Columnist for the New York Post, Andrea Peyser writes of this newbie, “Fearless Girl is just an excuse for women to sulk.” She further argued that the statue “perpetrates the myth of women’s powerlessness while fomenting self-pity and anti-male sentiments that helps no one.”
For her, the idea propagated by the addition is a fluke given that American women are more likely than others to head corporations, run for president, earn a lot or even choose to be stay-at-home mothers. But is this the reality?
The Inter-organization Network, in a 2016 survey on women in the Russell 3000, reported that 28% of Russell 3000 companies (796) had no women on their boards while 37% of Russell 3000 companies (1050) had only one woman on their boards.
For women in Africa and some other parts of the world, the realities are significantly different and even starker.
A survey from the National Bureau of Statistics shows that in 2011, only 5.9% female representation was recorded in state assemblies. Out of this number only 9.8% were chairpersons of committees within the assemblies in that year.
In state civil service across the country, only 35.5% women occupied senior positions from 2010 -2013 as against 64.5% men in similar positions. The patterns are repetitive both at the federal levels, ministries, departments and agencies; going up the ladders of politics means scantier female representation.
In corporate Nigeria, only 11.7% of board directors are female. We can list them off the fingers of both hands.
For a country where women constitute roughly half of the population and thus potentially half of the work force, these numbers are infinitesimal.
It is quite easy for these discussions to be dismissed by some as one of the many things wrong with the fight for gender equity, arguing that the problem is non-existent and the fuss is meaningless.
But the statistics speak for themselves. The World Economic Forum says it will take another 170 years to close the gender gap between men and women in pay and employment opportunities alone.
Women are hindered by a lot of things including self-limiting beliefs, cultural bias that include the pressure to put family first, and lack of enabling environment to instances where women are believed to be set-up to fail in certain positions and then paraded as instances where the women-in-leadership option was explored and back-fired woefully. You can cite a few examples in our local context.
The argument is not that women are better managers or better executives than men but that gender balance and equity provides for a stronger workforce that propels a blend of ideas, synergies and perspectives that create dynamic teams.

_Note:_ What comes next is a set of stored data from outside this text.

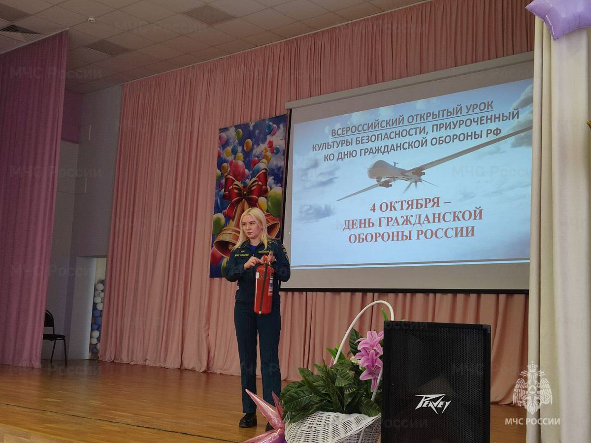 В рамках мероприятий, приуроченных к 35-летию МЧС России, сотрудники Главного управления МЧС России по Белгородской области продолжают проводить обучающие уроки для школьников, на которых рассказывают о пожарной безопасности, истории министерства, основах гражданской обороны нашей страны. Так, в гимназии № 3 и в средней общеобразовательной школе № 24 областного центра старший дознаватель отдела надзорной деятельности и профилактической работы города Белгорода Олеся Вандышева рассказала ученикам, как создавалось и развивалось чрезвычайное ведомство, кто стоял у истоков становления, как изменилась пожарная техника. Познакомила ребят с основными задачами гражданской обороны и её ключевой ролью в обеспечении безопасности нашей страны. Для наглядности и лучшего усвоения материала она продемонстрировала школьникам тематические видеоролики. Занятие сопровождалось показом средств индивидуальной защиты: противогазов, респираторов и костюма Л-1, которые предназначены для защиты кожных покровов ч
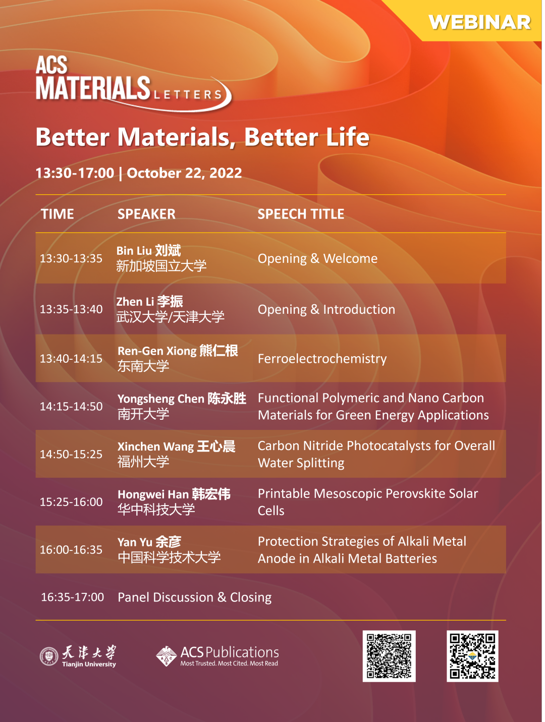 ACS Materials Letters 执行主编刘斌教授、武汉大学/天津大学李振教授共同组织此次研讨会,邀请东南大学熊仁根、南开大学陈永胜、福州大学王心晨、华中科技大学韩宏伟、中国科学技术大学余彦五位教授为大家带来“Better Materials, Better Life”主题学术研讨会。
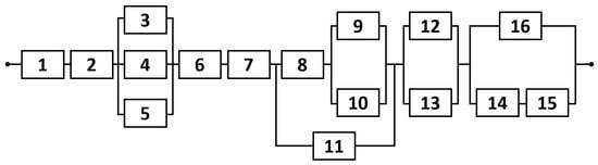 As mentioned in Section 1, our work focuses on multicomponent systems that refer to a mixture of a few components which may interact with each other. These components are structured in different configurations: serial, parallel, or a complex combination of serial and parallel structures. The structure of the system represents the way in which the components are arranged to perform a common function. The modeling of the system structure is vital because it conditions the overall functioning of the system. A serial system works if all its components work, but a parallel system works if at least one of its components works.
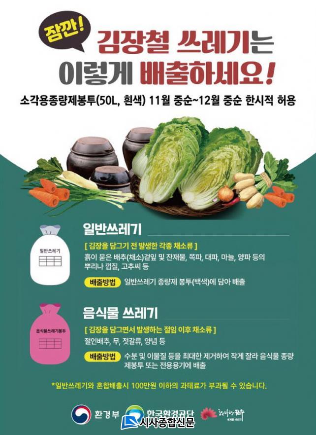 ÀÌ¿¡ µû¶ó ½Ã´Â ¼ö°Å¿î¹Ý ¹× ó¸® Áö¿¬À¸·Î ÀÎÇÑ ½Ã¹ÎµéÀÇ ºÒÆíÀ» ¿¹¹æÇϱâ À§ÇØ º»°ÝÀûÀÎ ±èÀåöÀÌ ½ÃÀ۵Ǵ ÀÌ´Þ Áß¼øºÎÅÍ ¿À´Â 12¿ù Áß¼ø±îÁö ¾à ÇÑ ´Þ µ¿¾È ÇѽÃÀûÀ¸·Î ±èÀå¾²·¹±â¸¦ 50LÂ¥¸® ÀϹݾ²·¹±â ¼Ò°¢¿ë ºÀÅõ¿¡ ´ã¾Æ ¹èÃâÇÒ ¼ö ÀÖµµ·Ï Çã¿ëŰ·Î Çß´Ù.
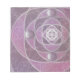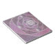 Un design en vitrail de spirales argentées et de tons de prune, sur un fond répétitif de fractales en spirale. Les spirales argentées convergent en un rose argenté, avec des pierres rondes pour accents.
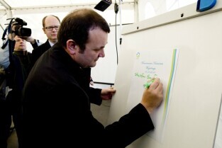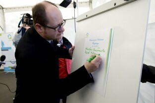 Wmurowanie kamienia węgielnego pod Instalację Termicznego Przekształcania Osadów Ściekowych. Dzięki niej zmniejszy się czterokrotnie ilość produkowanych przez oczyszczalnie osadów. Gdańsk, Oczyszczalnia Wschód.
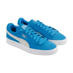 【男款】Puma Classic + Mens Blue Suede Lace Up 运动鞋 36324205-Blue-Danube-Puma-White-M
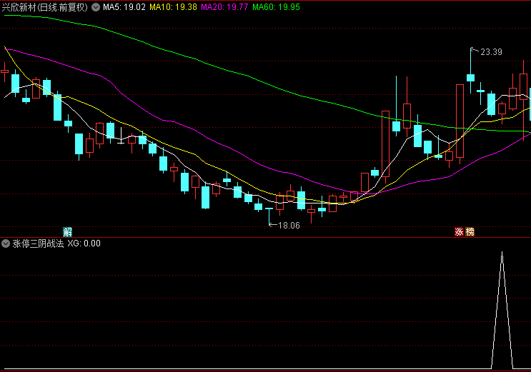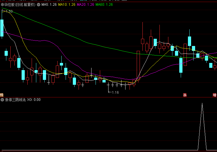 出现涨停后的回调三连阴,并不能确认是回调到位,还需要一根阳线的确认,当三连阴次日,收出一个放量的阳线,这个时候是确认信号的时候;
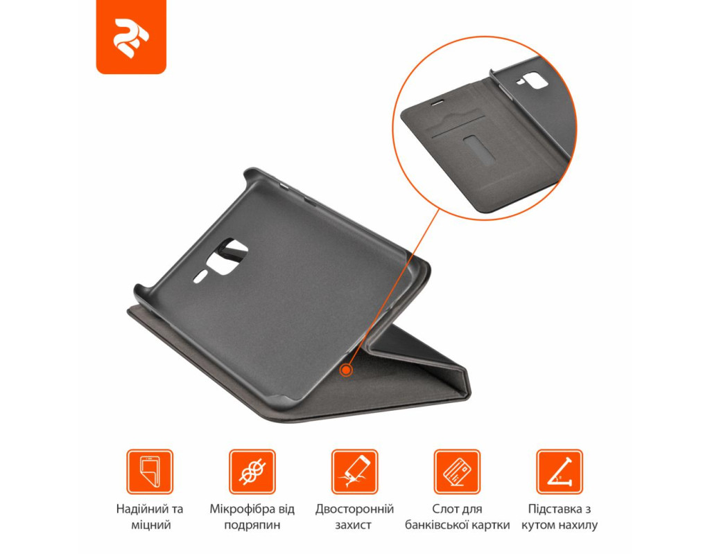 | Чехол-книжка черного цвета. Внешняя часть выполнена из высококачественных полиуретана и поликарбоната. Чехол надежно защищает смартфон с двух сторон от пыли и царапин, обеспечивает плотность посадки и точность расположения отверстий доступа к элементам управления. Чехол имеет слот для кредитной карты и складывается в подставку с разными углами наклона. |

“Sometimes a symbol helps us become whole,” said New York Mayor, Bill de Blasio at the installation of the Fearless Girl statue.
To be whole requires that we not remain passive, indifferent or antagonistic to the fact that these divides exist and it will take both men and women, personally making changes first in mindsets about cultural expectations and then in action, for the gaps to begin to close.
Women should be allowed to choose their paths in life without being scorned for the choices they make. Women must begin to lose the bias that is associated with women leaders and executives as being less feminine and less womanly than the rest. Those in leadership roles must be celebrated and encouraged to mentor and raise protégés.
Above all, men must realize that the fight is for fairness and enabling platforms irrespective of gender and not for supremacy, and take up active roles in their workplace and local communities to stand for fairness.
We cannot wait 170 years to provide women world over with the enabling platform to lend their voices building sustainable businesses and economies around the world.
Kay Ugwuede
Kay Ugwuede is an Online Content Producer at BusinessDay Media Ltd.